(no subject)

Jan 07, 2007 14:08

I've been switching between reading about post-narrative art and topology.

I NEED to get back together with MICA, but not because I love him.  It's only because I miss the sex.

I HAVE A SHOW COMING UP THIS AUGUST
CURRENT GALLERY
"END WISE"

TIME IS GOOD
TIME IS GREAT
BLESS THIS DAY
OUR MINDS CREATE

Download applications for my show at current's website by Jan. 12th, ok?
Don't worry, I'll remind you

And now for the people who care:

I've decided to start paying someone to listen to me talk about the more fucked-up parts of my life which I hope I've spared all of you from knowing about.  Most of it has to do with my dad to whom I have perhaps prematurely though rightfully decided to call 'estranged'.  I've forgotten so much about what drove me so crazy living with him until my mom came to visit.  Listening to her talk about the things he's said and done to her made me feel like my heart was going to stop.  He's a narcissistic sociopath and that's not even the least of it.
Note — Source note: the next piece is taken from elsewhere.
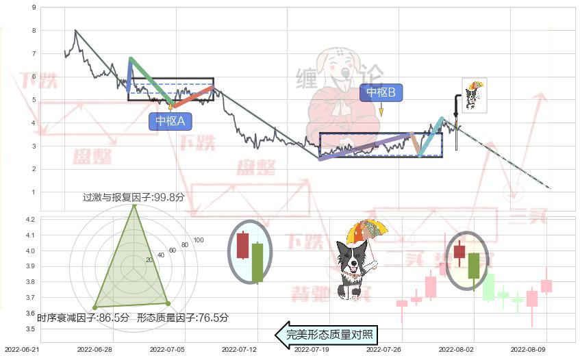 ➣ 射击之星形态 + 缠论中枢点破位中枢B支撑下拉信号叠加后【目标达成率】中等,【看空】信号叠加【存续影响中等】

The funniest thing about this is, on the DAY I decide to start going to therapy, literally as I was walking out of the clinic doors, my aunt, his sister, calls me to tell me they're passing through Baltimore and they want to visit me.  This is also the day after the night I finally admit to myself that I hate my dad and I don't want anything to do with his side of the family ever again, if I can help it.  So I spend most of this weekend flipping out that my dad is passing through Baltimore wanting to see me.  I felt like I was breaking out in hives just imagining him in my apartment, scrutinizing the safe-haven I've created for myself.  I feel like I'm ready to scream just thinking about it.  My aunt left me a voice mail.  I didn't call them back and I don't intend on talking to any of them.